Excertos do texto de Rico Lie "Espaços de comunicação intercultural" para apresentar o conceito de liminar e liminóide. Este conceito traz aspectos de interação e interatividade que elementos arquitetônicos carreiam como as soleiras e os umbrais, que são espaços de transição por excelência como já foi dito, A função de intertício, de intervalo dw determinados espaços elimina ou produz gradações em relação às divisões territoriais rígidas.
*Excerto do texto "Espaços de comunicação intercultural" de Rico Lie
"Todas as pessoas estão em certa medida, permanentemente em trânsito... Não tanto ‘de onde vens?’, senão ‘onde estás?’ (The intercultural identity question.)". (CLIFFORD, 1992, p.109)
“O espaço é um lugar praticado”. (De CERTEAU, 1984, p.117)
Esta é uma citação bastante mencionada de de Certeau (publicada originalmente em francês em 1974). A citação prossegue com “Assim a rua definida geometricamente pelo planejamento urbano é transformada em um espaço pelos caminhantes” (De CERTEAU, 1984, p.117). De um modo interpretativo resume a diferença entre espaço (ruimte [em holandês] / espace [em francês]) e lugar (plaats [em holandês] / lieu [em francês]). Ou seja, o espaço é um lugar vivido, assim, através da (inter)ação e a comunicação, os lugares transformam‐se em espaços de comunicação. Segundo De Certeau, os lugares são fixos e estáveis. As fronteiras dos lugares foram fixadas e podem ser determinadas de forma precisa. As fronteiras dos espaços são flexíveis e foram construídas de uma maneira simbólica, interpretativa. (COHEN, 1985) Assim, ‘caminhar pela cidade’ transforma o lugar em espaço. (De CERTEAU, 1984, p.91‐110) Por outro lado, ‘assistir à televisão em casa’ pode, por exemplo, também ser visto como um lugar vivido ou praticado. Este não é somente o caso, porque a casa é um cenário geográfico definido, mas também porque o texto televisivo em si, nas palavras de De Certeau (ibidem, p.117) é “um lugar constituído por um sistema de signos” é transformado em espaço, pelo ato de assistir. Estes espaços de comunicação criados pelos atos de consumo e interpretação podem sergeográficos e físicos, assim como não geográficos e não físicos. (Rico Lie)
(...)
Com os conceitos de “liminal e liminoid” (de Turner) estou acentuando a posição intermediária dos espaços. Eles estão em um ponto intermediário entre o global e o local, guiando as observações do analista cultural em direção a elementos/formas culturais relevantes nestes espaços específicos. Os espaços são chamados espaços da comunicação intercultural porque o foco está na interação (coexistência, negociação e transformação) entre os elementos/formas culturais. (...). Eles parecem ser os espaços/esferas onde o global e o local devem ser transformados em interação. (Rico Lie)
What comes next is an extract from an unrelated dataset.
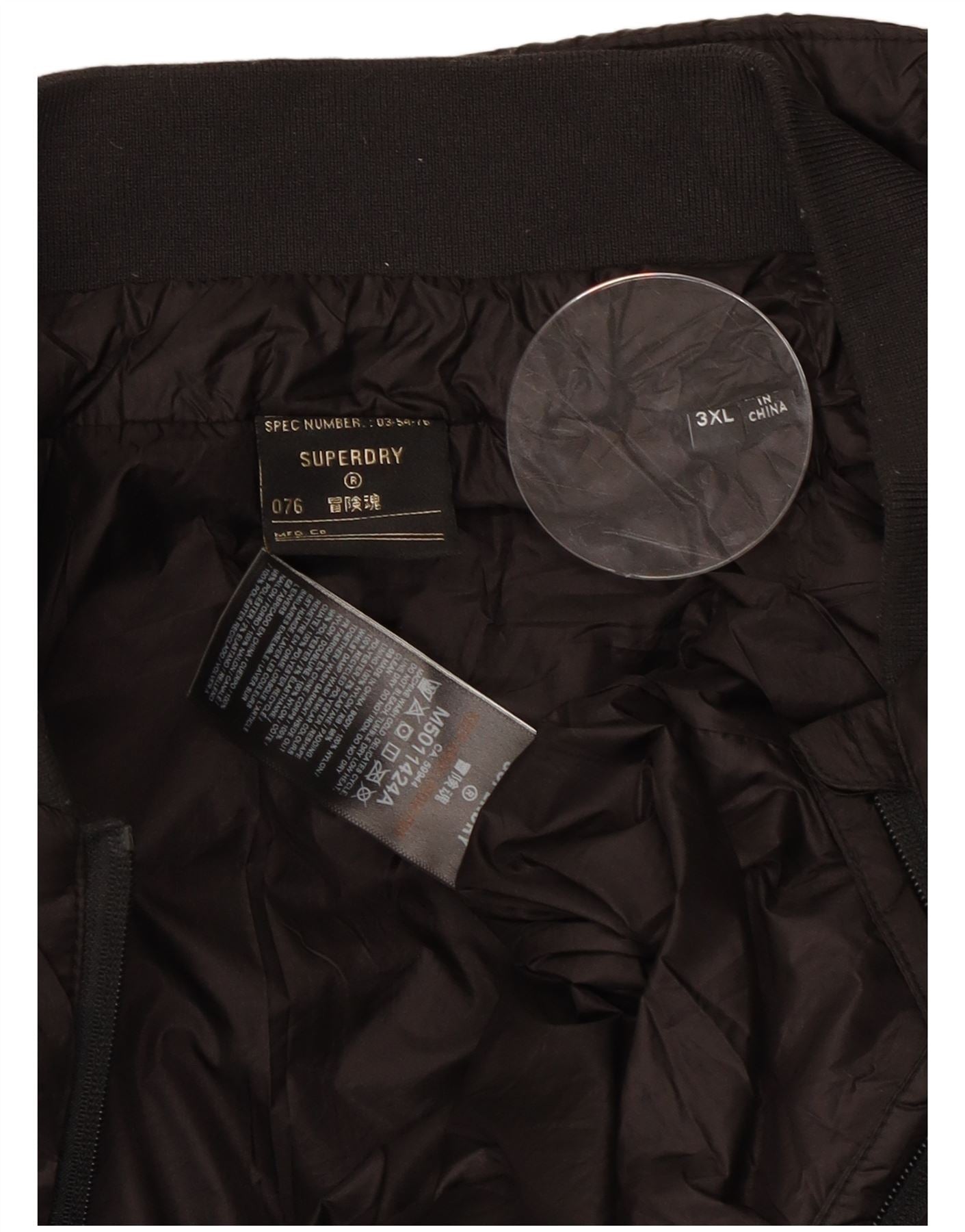 SUPERDRY Mens Padded Jacket UK 46 3XL Black Nylon

BHABHA realmente abraça a idéia de espaço intermediário. Bhabha (1994) usa a escada como uma metáfora de liminalidade:
A escada como espaço liminal, entre as designações da identidade, converte‐se em processo de interação simbólica, o tecido conectivo que constrói a diferença entre superior e inferior, preto e branco. O aqui e o
acolá da escada, o movimento temporal e a passagem que ele permite, previnem a identidade de cada um dos seus extremos de instalar‐se como polaridade primordial. Esta passagem intersticial entre identificações fixas abre a possibilidade de uma hibridez cultural que abriga a diferença sem uma hierarquia assumida ou imposta. (BHABHA, 1994, p.4). o reconhecimento teórico do espaço dividido da enunciação pode abrir caminho para conceituar uma cultura internacional, que não está baseada no exotismo do multiculturalismo ou na diversidade de culturas, mas na inscrição e articulação da hibridez de cultura.
Com este fim, deveríamos nos lembrar, que é o prefixo ‘inter’ — o fio da tradução e negociação, o espaço intermediário — que transporta a carga da significação da cultura. (ibidem, p.38). Antes de aprofundarmos a discussão da relação entre “interculturalidade”, comunicação e espaço, vamos primeiro examinar mais minuciosamente a teoria de Turner do "liminal" e o “liminoid”. (Rico Lie)
Que são espaços “liminal e liminoid”?
Em várias disciplinas, a questão da “liminality” foi novamente considerada como conceito de interesse no estudo com culturas em contato e culturas em constantes mudanças. O conceito foi outrora utilizado no estudo mais estrito de rituais, principalmente os rituais da transição, (...). (Rico Lie)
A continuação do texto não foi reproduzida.